= George Hewitt Myers =

George Hewitt Myers (September 10, 1875 – December 23, 1957) was an American forester and philanthropist.

He was born in Cleveland, Ohio and graduated from Yale College in 1898 and was the heir to the Bristol-Myers pharmaceutical fortune. He pursued graduate work in English at Harvard from 1898 to 1899. He graduated in the first class of Yale Forest School with a degree of Master of Forestry in 1902. He began acquiring land in Union, Connecticut about 1909. In 1917 the Yale School of Forestry began using the Myers property for field instruction. Around 1929 Myers arranged to donate his forest land to Yale University. The Yale School of Forestry summer camp buildings were constructed on the former Morse farm on the property in 1933; the ownership of the forest was transferred to Yale in 1934. The Yale Myers Forest is managed by the Yale School of Forestry as a multiple-use working forest.

Myers began collecting textiles in 1896 with a rug he bought for his room at Yale University. He donated his collection to found The Textile Museum in Washington, D.C. in 1925, which was housed in the George Hewitt Myers House (2310 S Street), designed by John Russell Pope, which was built in 1912, and in the Martha S. Tucker House (2320 S Street), built in 1908 (Wood, Donn & Deming, architects).

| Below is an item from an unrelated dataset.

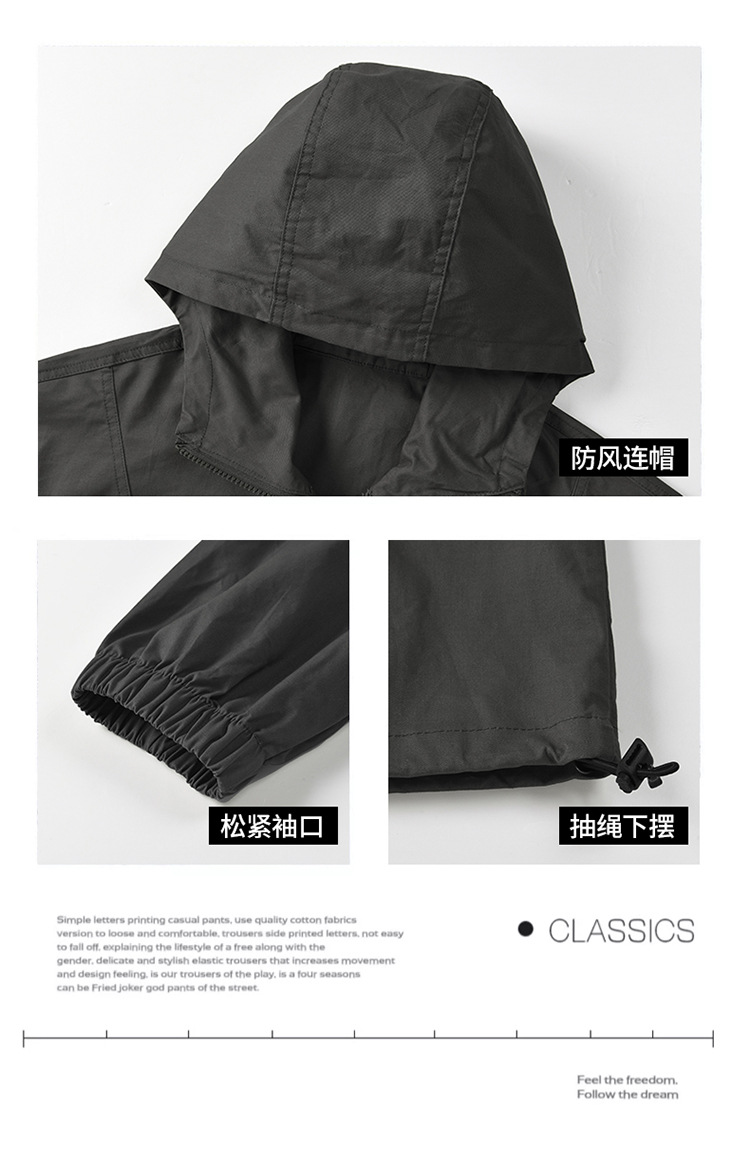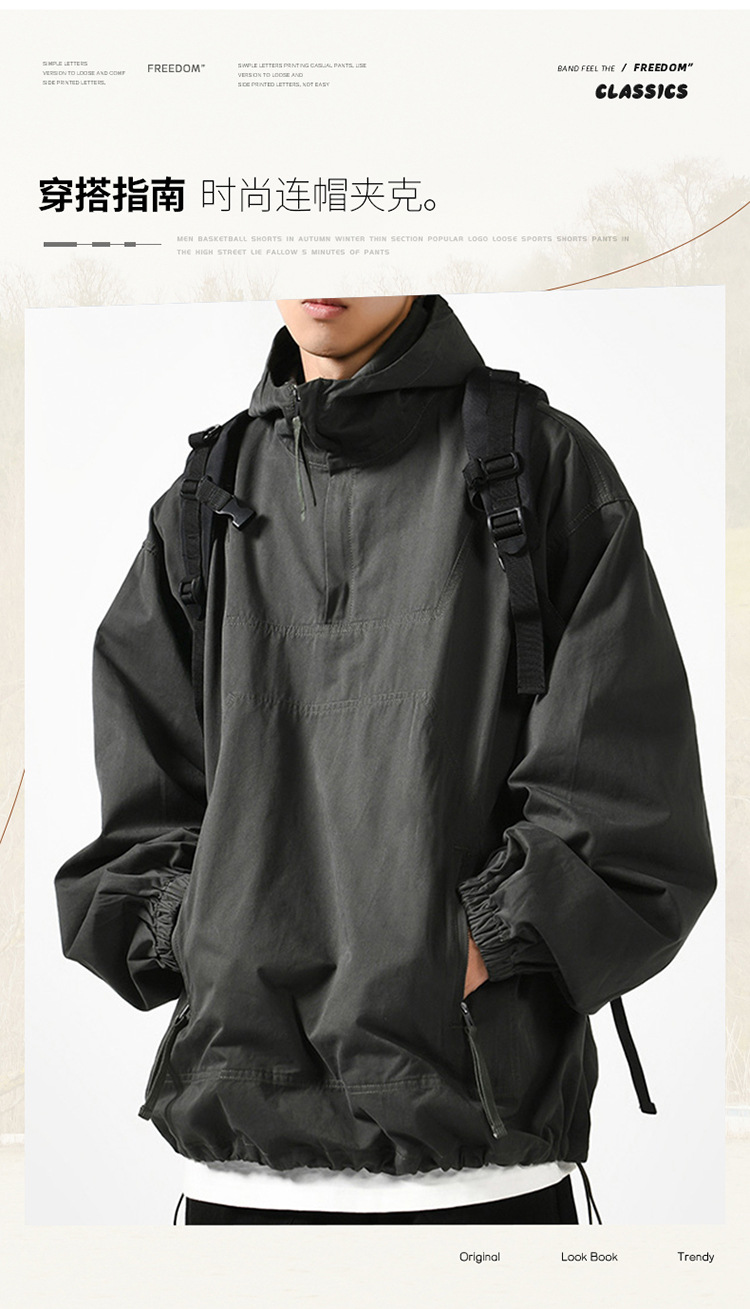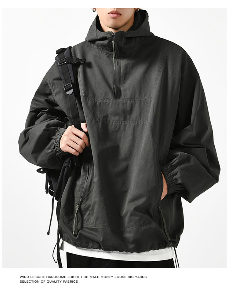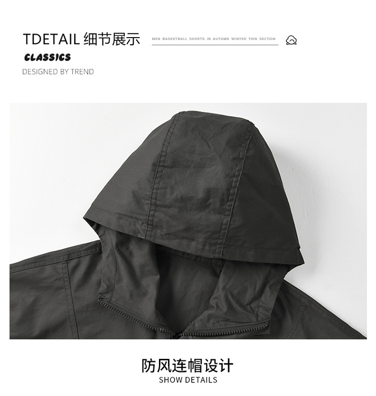 Куртка мужская весна и осень с капюшоном хлопчатобумажная куртка куртка одежда свободная тонкая сплошная тенденция

Since 2014, the Museum has relocated and is now part of George Washington University.

Myers died in 1957, followed shortly in death by his three children: daughter Persis Chase in 1958, daughter Mary Hewitt in 1959, and daughter Louise Chase in 1960. His wife, Louise Stoddard Chase, assumed Myers' duties on the board of trustees at The Textile Museum from the time of his death through 1958.

When Myers first purchased a few rugs in the 1890s – a group of late 19th-century Turkish and Caucasian village rugs – he did not anticipate buying several thousand textiles. As the years passed and his finances allowed, however, his interests grew to include other types of non-Western textiles along with examples from earlier periods. He began collecting classical silk textiles and carpets from the court workshops of Safavid Iran, Ottoman Turkey and Mughal India; early Islamic textiles, including inscribed textiles called tiraz from western Asia, Egypt and Yemen; late antique textiles from Egypt; Indian resist-dyed cotton fabrics found in Fustat, Egypt; and archaeological textiles from Peru; as well as colonial and later pieces from South and Central America.

In the early 1920s, Myers’ focus shifted to the meaning of these objects, and he set out to widen the scope of knowledge about textiles. He established The Textile Museum in 1925, and by the late 1930s, the breadth and depth of Myers’ textile collection rendered it internationally significant.

When Myers died in 1957, The Textile Museum’s collections included 3,100 textiles from Asia and Africa and 1,500 textiles from the Americas. Today the Museum’s collections include more than 18,000 textiles from around the world.